Deployment can be lonely, even while living with a large group of fellow soldiers. Little things to remind a servicemember of life stateside can boost morale. Providing care packages to those deployed and support to veterans at home, Operation Interdependence (OI) helps service members feel connected to the comforts that home can provide. Every week, volunteers stuff boxes that include a variety of foods, toiletries, and entertainment in quart-sized zipper bags.
Each box is packed by hand. Some include beef jerky, mints, oatmeal, powdered drink mixes, trail mix, or cocoa packets. Other popular items include foot powder, lip balm, tissues, hand lotion, decks of cards, pens, and notebook paper. But perhaps the most anticipated item inside is a handwritten note or letter. For those far from home, that brief interaction, even from a stranger, can provide a moment’s peace.

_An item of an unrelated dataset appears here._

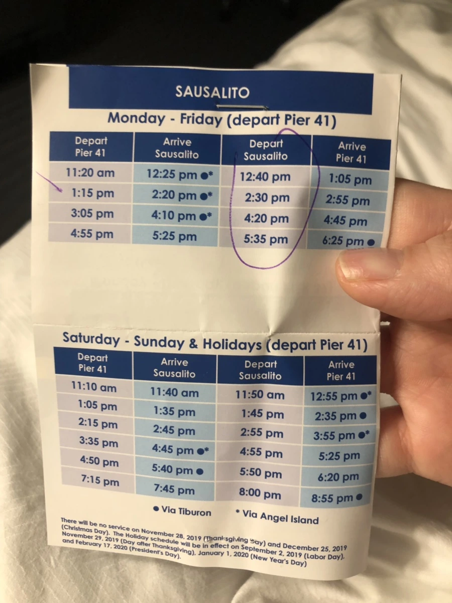 덕분에 유명한 브런치 카페에서 맛있는 아침식사를 한 후 천천히 Pier 39으로 이동해 소살리토로 가는 크루즈 티켓을 구입했다. 왕복에 $26이었다. 우리는 1시 15분 배를 탔는데 앤젤 아일랜드와 티브론이라는 섬을 찍고 마지막에 소살리토에 도착해 거의 1시간이 걸렸다. (다시 Pier 39로 올 때는 직행이라 30분이 채 안 걸렸다) 그래도 시원한 바닷바람을 맞으며 멋진 금문교와 다운타운 스카이라인을 감상하니 그냥 크루즈에 앉아있는 것만으로도 힐링이었다.

Area manager Suzi Kugler said, “I have been a volunteer with Operation Interdependence for more than 10 years. The OI mission to support our deployed military is vitally important to me.”
The group appreciates donations and volunteers. Kugler added, “OI needs money for shipping expenses ($5000 a year) and goodie items. We have an outstanding group of volunteers that meet every Tuesday at 7877 Wren Ave. #D, in Gilroy, from 3 to 5 p.m. and welcome all.
Dream Power Horsemanship
DreamPower Horsemanship, located in Gilroy, offers its Horses for Warriors program, designed for veterans, active military, and their families. Their equine-assisted activities include psychotherapy, learning, and therapeutic horsemanship. A variety of program categories include anger management workshops for veterans, eye movement desensitization and reprocessing (EMDR) therapy for trauma, combat veteran family support group, and HERd, which is geared toward women who have served in the military.
Equine-facilitated psychotherapy sessions are led by California licensed or pre-licensed psychotherapists. Therapeutic horsemanship sessions are led by PATH International Registered Therapeutic Riding Instructors. Equine-facilitated learning programs are led by educators or therapists, depending on the program and client goals. All groups are offered at no cost to the veteran or their family.